(GIVEN DATA begins)

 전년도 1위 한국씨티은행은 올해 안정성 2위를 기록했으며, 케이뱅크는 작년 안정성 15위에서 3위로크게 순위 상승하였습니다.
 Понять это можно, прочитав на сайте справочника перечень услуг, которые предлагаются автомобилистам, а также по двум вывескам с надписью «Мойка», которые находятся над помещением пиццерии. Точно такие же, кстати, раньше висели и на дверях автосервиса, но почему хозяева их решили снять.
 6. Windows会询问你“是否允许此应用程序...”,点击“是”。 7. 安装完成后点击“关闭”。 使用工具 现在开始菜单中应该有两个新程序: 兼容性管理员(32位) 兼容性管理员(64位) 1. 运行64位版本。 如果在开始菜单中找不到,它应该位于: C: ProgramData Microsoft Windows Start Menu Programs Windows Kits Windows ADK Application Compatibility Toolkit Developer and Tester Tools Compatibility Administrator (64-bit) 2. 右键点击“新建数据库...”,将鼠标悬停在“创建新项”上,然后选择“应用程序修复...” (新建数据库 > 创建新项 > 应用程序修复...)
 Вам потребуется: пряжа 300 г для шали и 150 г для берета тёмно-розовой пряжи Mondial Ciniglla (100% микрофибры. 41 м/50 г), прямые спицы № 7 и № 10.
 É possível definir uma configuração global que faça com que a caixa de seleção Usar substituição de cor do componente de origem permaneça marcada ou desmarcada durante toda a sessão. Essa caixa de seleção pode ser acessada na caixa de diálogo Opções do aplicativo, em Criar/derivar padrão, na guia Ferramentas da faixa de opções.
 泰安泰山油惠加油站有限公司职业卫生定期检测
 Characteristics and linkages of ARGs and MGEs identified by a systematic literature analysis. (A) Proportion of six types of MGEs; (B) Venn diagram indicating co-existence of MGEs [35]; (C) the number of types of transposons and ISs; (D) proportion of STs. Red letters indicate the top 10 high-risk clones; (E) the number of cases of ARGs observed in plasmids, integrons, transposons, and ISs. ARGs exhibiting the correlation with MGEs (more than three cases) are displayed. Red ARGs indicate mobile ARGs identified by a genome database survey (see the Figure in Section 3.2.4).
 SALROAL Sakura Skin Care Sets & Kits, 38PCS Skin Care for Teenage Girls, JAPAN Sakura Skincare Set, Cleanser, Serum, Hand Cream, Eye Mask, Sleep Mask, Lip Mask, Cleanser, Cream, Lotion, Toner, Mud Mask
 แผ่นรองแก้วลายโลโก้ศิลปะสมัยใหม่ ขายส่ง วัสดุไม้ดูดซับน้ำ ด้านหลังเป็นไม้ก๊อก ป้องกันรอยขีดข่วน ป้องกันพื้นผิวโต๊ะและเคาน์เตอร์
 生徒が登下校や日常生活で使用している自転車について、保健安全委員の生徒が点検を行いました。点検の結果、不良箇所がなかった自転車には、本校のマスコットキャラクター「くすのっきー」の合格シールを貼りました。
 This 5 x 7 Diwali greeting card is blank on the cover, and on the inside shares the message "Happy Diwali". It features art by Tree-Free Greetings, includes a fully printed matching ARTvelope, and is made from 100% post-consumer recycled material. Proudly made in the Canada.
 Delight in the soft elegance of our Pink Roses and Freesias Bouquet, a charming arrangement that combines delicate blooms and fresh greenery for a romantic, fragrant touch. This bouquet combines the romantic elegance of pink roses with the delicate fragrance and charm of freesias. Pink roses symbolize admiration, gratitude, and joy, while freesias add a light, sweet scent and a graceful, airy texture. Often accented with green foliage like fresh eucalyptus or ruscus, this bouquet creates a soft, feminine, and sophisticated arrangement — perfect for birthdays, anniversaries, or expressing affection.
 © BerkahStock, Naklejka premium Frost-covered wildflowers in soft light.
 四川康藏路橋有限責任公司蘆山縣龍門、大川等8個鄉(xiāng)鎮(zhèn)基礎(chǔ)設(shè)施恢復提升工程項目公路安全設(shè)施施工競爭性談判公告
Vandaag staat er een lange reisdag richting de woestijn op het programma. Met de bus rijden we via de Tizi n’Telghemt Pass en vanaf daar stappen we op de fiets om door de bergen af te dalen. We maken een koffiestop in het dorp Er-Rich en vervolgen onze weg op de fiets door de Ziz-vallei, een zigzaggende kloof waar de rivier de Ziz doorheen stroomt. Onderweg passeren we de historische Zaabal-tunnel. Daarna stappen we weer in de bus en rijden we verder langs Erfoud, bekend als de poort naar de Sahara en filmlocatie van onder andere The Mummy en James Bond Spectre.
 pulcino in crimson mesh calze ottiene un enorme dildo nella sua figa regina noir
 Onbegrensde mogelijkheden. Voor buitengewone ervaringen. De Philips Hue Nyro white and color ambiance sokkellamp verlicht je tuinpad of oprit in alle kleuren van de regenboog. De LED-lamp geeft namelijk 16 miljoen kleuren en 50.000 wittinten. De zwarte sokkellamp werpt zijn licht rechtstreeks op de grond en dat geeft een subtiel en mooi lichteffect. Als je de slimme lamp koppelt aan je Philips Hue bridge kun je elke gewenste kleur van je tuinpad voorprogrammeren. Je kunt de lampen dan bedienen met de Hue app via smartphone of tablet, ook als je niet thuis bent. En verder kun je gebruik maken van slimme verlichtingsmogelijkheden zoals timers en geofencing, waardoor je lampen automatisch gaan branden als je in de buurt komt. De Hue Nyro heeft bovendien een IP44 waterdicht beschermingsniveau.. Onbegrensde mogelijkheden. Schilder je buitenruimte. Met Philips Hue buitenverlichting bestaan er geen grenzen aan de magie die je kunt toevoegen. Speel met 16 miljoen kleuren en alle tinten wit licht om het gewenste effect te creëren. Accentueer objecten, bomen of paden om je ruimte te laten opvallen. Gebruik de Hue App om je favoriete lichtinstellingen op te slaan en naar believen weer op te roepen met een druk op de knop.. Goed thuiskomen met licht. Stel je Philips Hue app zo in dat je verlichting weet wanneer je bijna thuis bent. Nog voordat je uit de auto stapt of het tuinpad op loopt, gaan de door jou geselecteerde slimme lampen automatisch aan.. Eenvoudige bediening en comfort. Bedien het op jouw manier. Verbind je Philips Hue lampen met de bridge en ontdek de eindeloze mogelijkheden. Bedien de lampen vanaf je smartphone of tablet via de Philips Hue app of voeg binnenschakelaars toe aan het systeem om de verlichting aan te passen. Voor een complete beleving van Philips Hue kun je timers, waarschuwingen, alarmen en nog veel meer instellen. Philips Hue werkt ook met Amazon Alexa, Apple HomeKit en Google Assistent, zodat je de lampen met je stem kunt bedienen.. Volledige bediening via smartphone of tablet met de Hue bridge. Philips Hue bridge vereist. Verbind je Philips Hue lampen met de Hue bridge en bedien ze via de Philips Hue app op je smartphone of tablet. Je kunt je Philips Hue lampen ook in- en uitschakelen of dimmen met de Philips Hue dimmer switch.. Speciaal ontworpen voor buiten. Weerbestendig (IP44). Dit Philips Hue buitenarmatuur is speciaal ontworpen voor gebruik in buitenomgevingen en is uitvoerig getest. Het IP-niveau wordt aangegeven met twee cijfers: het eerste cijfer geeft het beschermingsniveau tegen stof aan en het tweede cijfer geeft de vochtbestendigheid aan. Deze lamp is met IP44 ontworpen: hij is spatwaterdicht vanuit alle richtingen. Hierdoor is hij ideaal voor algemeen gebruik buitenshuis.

(GIVEN DATA ends)

EXERCISE DESCRIPTION —
Please give an exact copy of the lines above, beginning with the line containing "แผ่นรองแก้วลายโลโก้ศิลปะสมัยใหม่ ขายส่ง วัสดุไม้ดูดซับน้ำ" and running through the line containing "生徒が登下校や日常生活で使用", and of no other lines.

ANSWER SPACE —
 แผ่นรองแก้วลายโลโก้ศิลปะสมัยใหม่ ขายส่ง วัสดุไม้ดูดซับน้ำ ด้านหลังเป็นไม้ก๊อก ป้องกันรอยขีดข่วน ป้องกันพื้นผิวโต๊ะและเคาน์เตอร์
 生徒が登下校や日常生活で使用している自転車について、保健安全委員の生徒が点検を行いました。点検の結果、不良箇所がなかった自転車には、本校のマスコットキャラクター「くすのっきー」の合格シールを貼りました。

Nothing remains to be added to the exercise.